The construction of this carbon helix is quite straightforward. First we should know that this structure can be decomposed into six strips. To simplify the weaving process, one should start from the inner part of HCCNT.

To make a helical tube, one still need to finish the remaining two strips. Particularly, we need to be careful about the relative position between two neighbored pentagons. The systematic way to generate a whole family of HCCNTs from a parent TCNT is based on the concept of horizontal shift parameters (HSP). By applying a suitable HSP, one can create a whole family of HCCNTs.
The details of structural rules of HCCNTs can be found in the following three papers we published:

Chuang, C.; Fan, Y.-C.; Jin, B.-Y.* Generalized Classification of Toroidal and Helical Carbon Nanotubes J. Chem. Info. Model. 2009, 49, 361-368.
Chuang, C; Jin, B.-Y.* Hypothetical toroidal, cylindrical, helical analogs of C60 J. Mol. Graph. Model. 2009, 28, 220-225.
Chuang, C.; Fan, Y.-C.; Jin, B.-Y. On the Possible Geometries of Helically Coiled Carbon Nanotubes J. Mol. Struct. 2012, 1008, 1-7.


In fact, Chern made a bead model of the same structure a few years ago. But in the Bridges conference held in Pecs, Hungary, I met Laura Shea and gave that model to her as a souvenir. Since then, both Chern and I didn't make any new model of helically coiled carbon nanotubes.

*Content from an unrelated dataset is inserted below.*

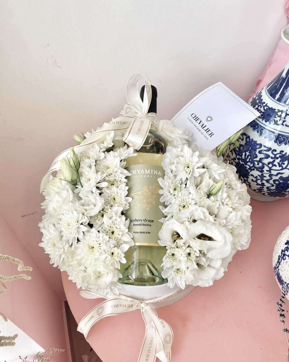 סידור עגול קסום בצבעי לבן המכיל פרחי העונה, הסידור מגיע עם יין לבן וסרטים מלאים בסטייל.

Eight structural types of TCNTs with latitude coordinates

Here are all eight structural types of TCNTs in the show case located in the third floor of chemistry building(NTU). Four of them belong to Dnh point group and the other four belong to Dnd group. Chern made the three in blue and white long time ago and I made the other five in red in order to have the whole set with 6mm faceted beads after I read the paper in Chem. Eur. J.

Eight structural types of TCNTs

Chern and I constructed many bead models of toroidal carbon nanotubes (TCNTs) in the last few years. We understand pretty well about the relationship among different kinds of TCNTs. Based on the spatial arrangement of 5- and 7-gons, we discovered that we can classify these achiral TCNTs into 8 structural types with well-defined latitudes and 5 other miscellaneous cases which may not have well-defined latitudes.

The eight bead models shown in the following photo are models for these eight canonical structural types.

Chern and I submitted a comment about the structural rules described in a paper by Beuerle et al to the "Chem. Eur. J." last May. After seven months of extensive review, which is much longer than the typical one to two months, our paper was rejected a few days ago.
The referee suggested us that

"A revised version of the manuscript, not criticizing the paper by Beuerle et al but instead providing a detailed and at the same time accessible account of the classification of TCNTs, might be suitable for a more specialized journal."

1. F. Beuerle, C. Herrmann, A. C. Whalley, C. Valente, A. Gamburd, M. A. Ratner, J. F. Stoddart, Optical and Vibrational Properties of Toroidal Carbon Nanotubes. Chem. Eur. J. 2011, 17, 3868-3875. See also Hot topic on carbon from Wiley-VCH.

Genus-2 TCNT

Many years ago, Chern made this genus-2 TCNT consisting basically of two 6-fold D_6h donuts. I seem to never post it here before. It should be easy to design other similar two-layer 2-dimensional structures.

Two tiny T120 made by Laura Shea

Laura Shea showed me these two beautiful T120 made of tiny crystal beads in the Bridges conference. They are so small. You can really wear these two carbon nanotori as earrings.

Bridges 2011

I gave a talk this morning on the designing sculpture inspired by high-genus fullerenes with mathematical beading (pdf file) in the Bridges conference (Coimbra, Portugal).



Here are some bead models I brought to this meeting. These include three large pieces (a dodecahedra, a tetrahedron, and a trefoil knot), four TCNTs (120, 140, 240), and around 25 C60s.